● Exercise
The answer must reproduce exactly the lines from the one with "Srebrny obrazek DS17/C" through the end of the material, and it must contain no pictures.

● The data
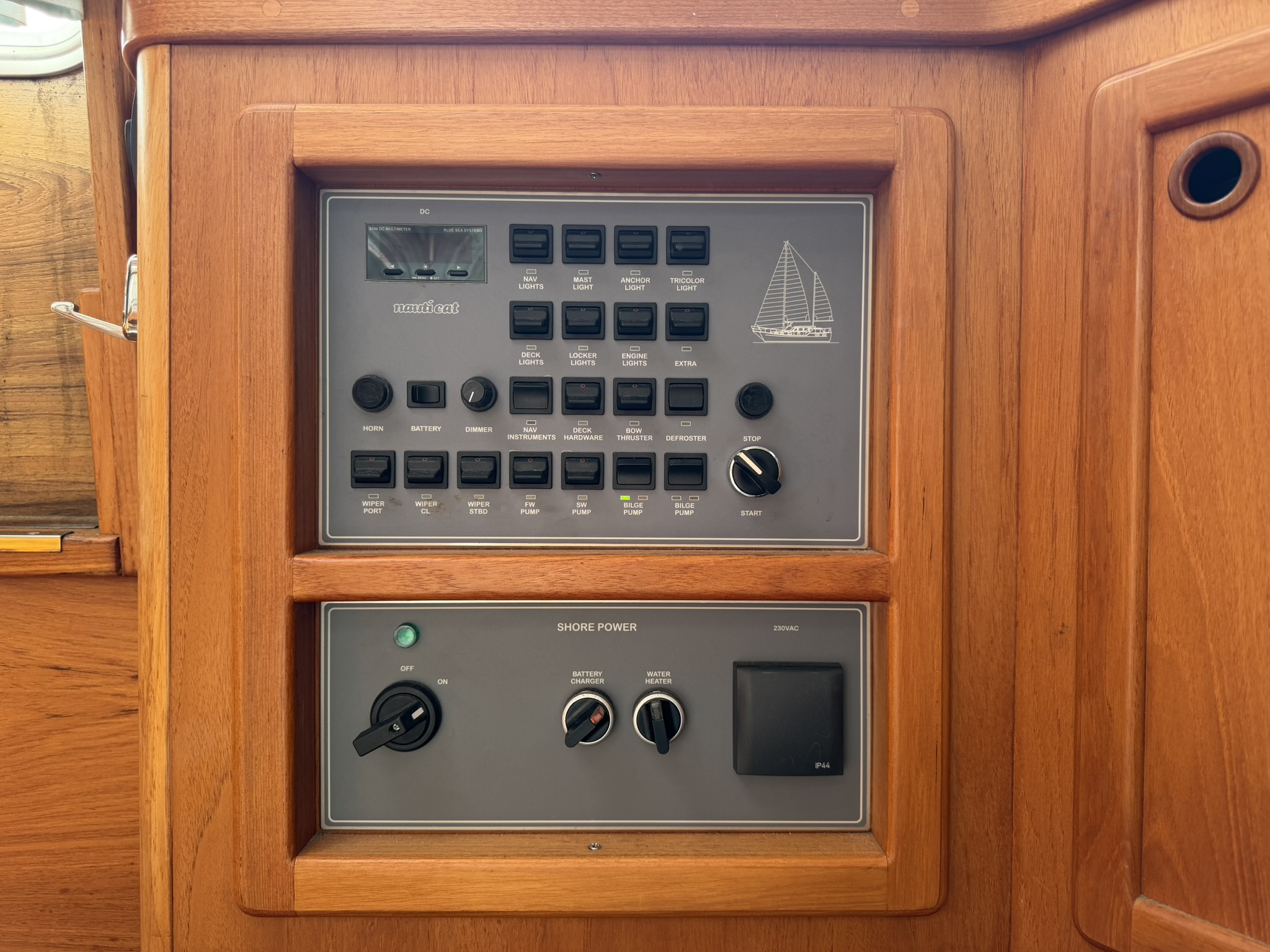 12V sockets in galley, saloon and aft stateroom.
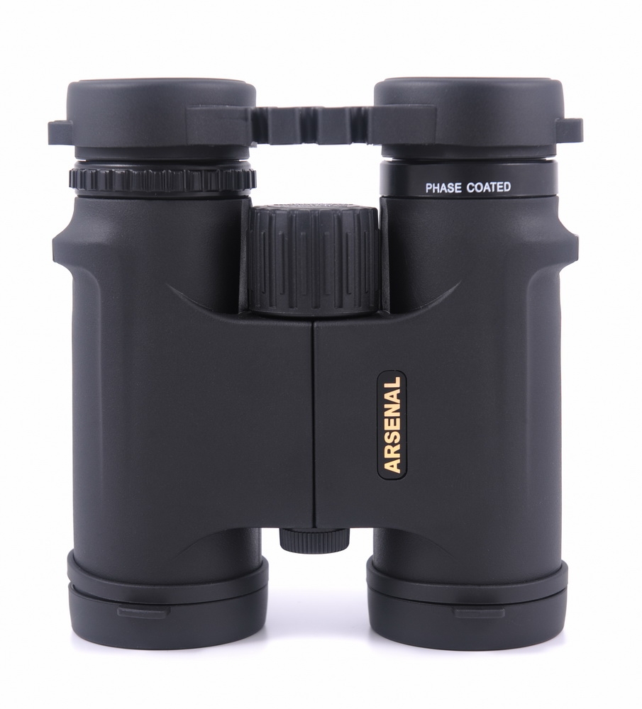 Бинокль Arsenal 8х32 DCF имеет большой барабан центральной фокусировки, обеспечивающий плавную и точную настройку, а также диоптрическую настройку правого окуляра для точного соответствия индивидуальным особенностям зрения. Резиновое покрытие корпуса со специальными выемками для пальцев создает комфортность наблюдений и надежность при удержании бинокля в руках.
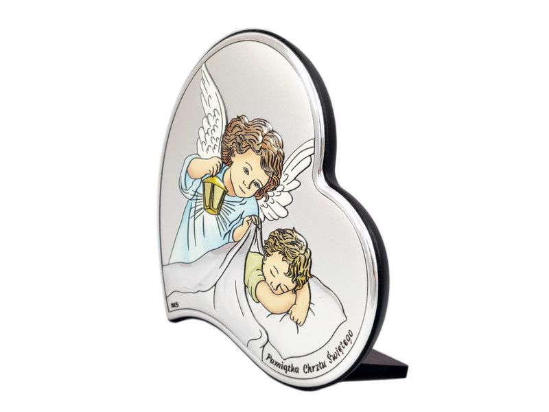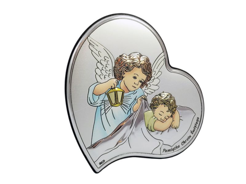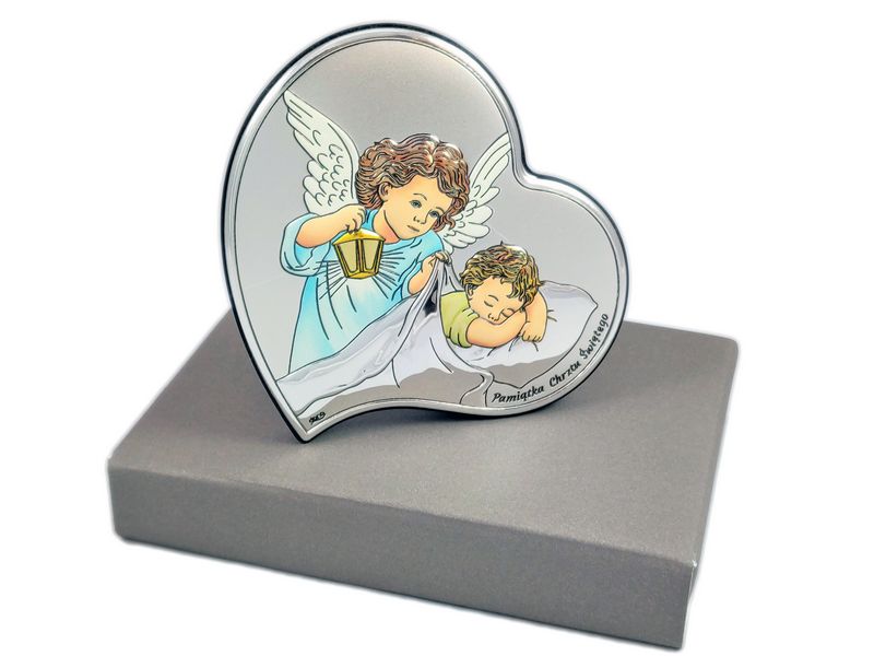 Srebrny obrazek DS17/C w wersji z malowaniem ma kształt serca i przedstawia Aniołka z latarenką nad dzieckiem.
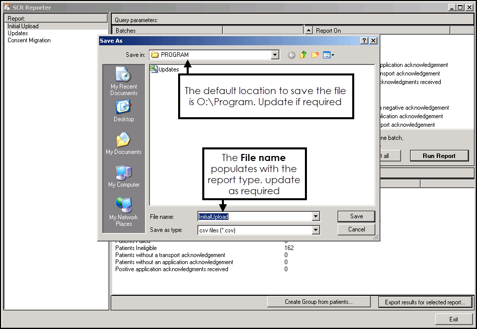 To save the output of a Summary Care Record (SCR) report as a .csv file that can be used in Microsoft Excel:

● Result
 Srebrny obrazek DS17/C w wersji z malowaniem ma kształt serca i przedstawia Aniołka z latarenką nad dzieckiem.
 To save the output of a Summary Care Record (SCR) report as a .csv file that can be used in Microsoft Excel:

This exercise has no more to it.